▶ DATASET CONTENT
□ □ □

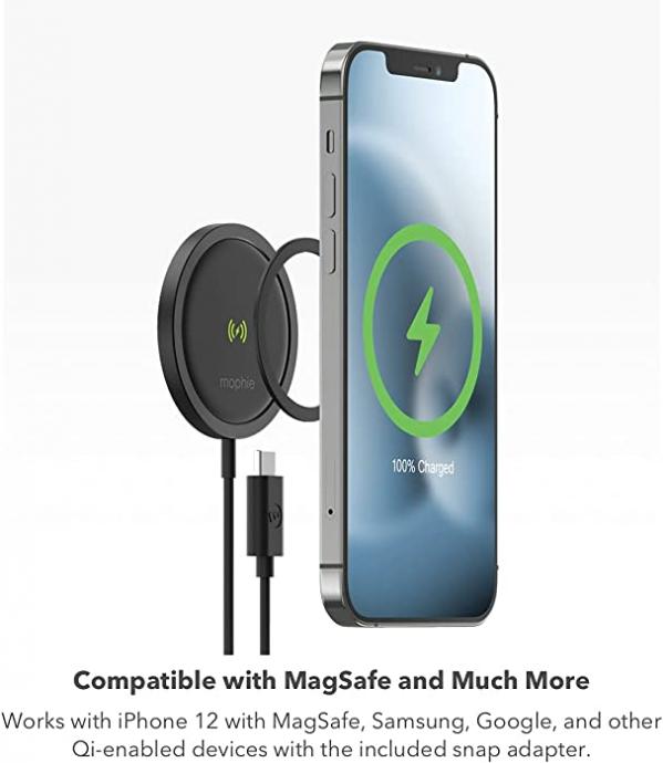 Universal Wireless Charging Compatible with MagSafe and Much More: The magnetic array on the snap+ wireless charger is compatible with MagSafe for iPhone 12 models and any Qi-enabled smartphone.
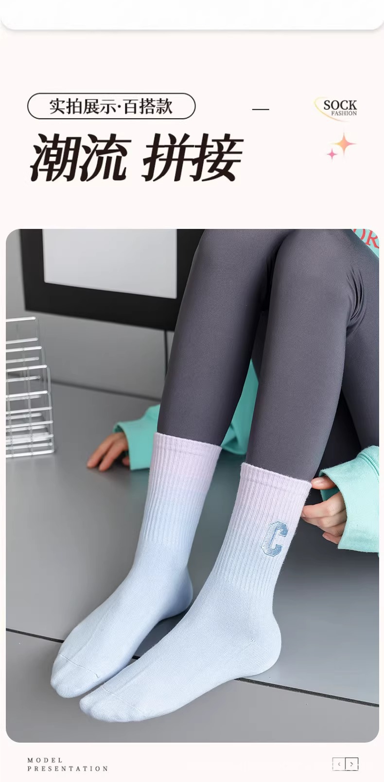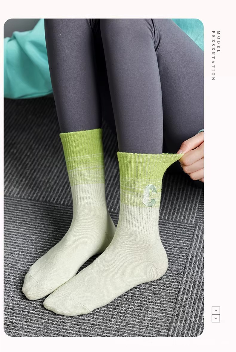 여성용 양말 봄 여름 중간 길이 2024 새로운 핫 스타일 단색 냄새 나지 않는 발면 양말 중간 길이 러닝 요가 양말 하이 튜브
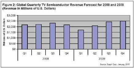2010年市場(chǎng)更加接受互聯(lián)網(wǎng)驅(qū)動(dòng)、支持LED背光和100/120Hz幀速率轉(zhuǎn)換技術(shù)等功能的先進(jìn)電視,將有利于推動(dòng)電視半導(dǎo)體市場(chǎng)達(dá)到新的高度。iSuppli公司目前預(yù)測(cè),2010年電視半導(dǎo)體營業(yè)收入將比2009年增長19%。

□ □ □

▶ BRIEF
Would you copy out all the data exactly, without the images?

▶ FINAL ANSWER
 Universal Wireless Charging Compatible with MagSafe and Much More: The magnetic array on the snap+ wireless charger is compatible with MagSafe for iPhone 12 models and any Qi-enabled smartphone.
 여성용 양말 봄 여름 중간 길이 2024 새로운 핫 스타일 단색 냄새 나지 않는 발면 양말 중간 길이 러닝 요가 양말 하이 튜브
2010年市場(chǎng)更加接受互聯(lián)網(wǎng)驅(qū)動(dòng)、支持LED背光和100/120Hz幀速率轉(zhuǎn)換技術(shù)等功能的先進(jìn)電視,將有利于推動(dòng)電視半導(dǎo)體市場(chǎng)達(dá)到新的高度。iSuppli公司目前預(yù)測(cè),2010年電視半導(dǎo)體營業(yè)收入將比2009年增長19%。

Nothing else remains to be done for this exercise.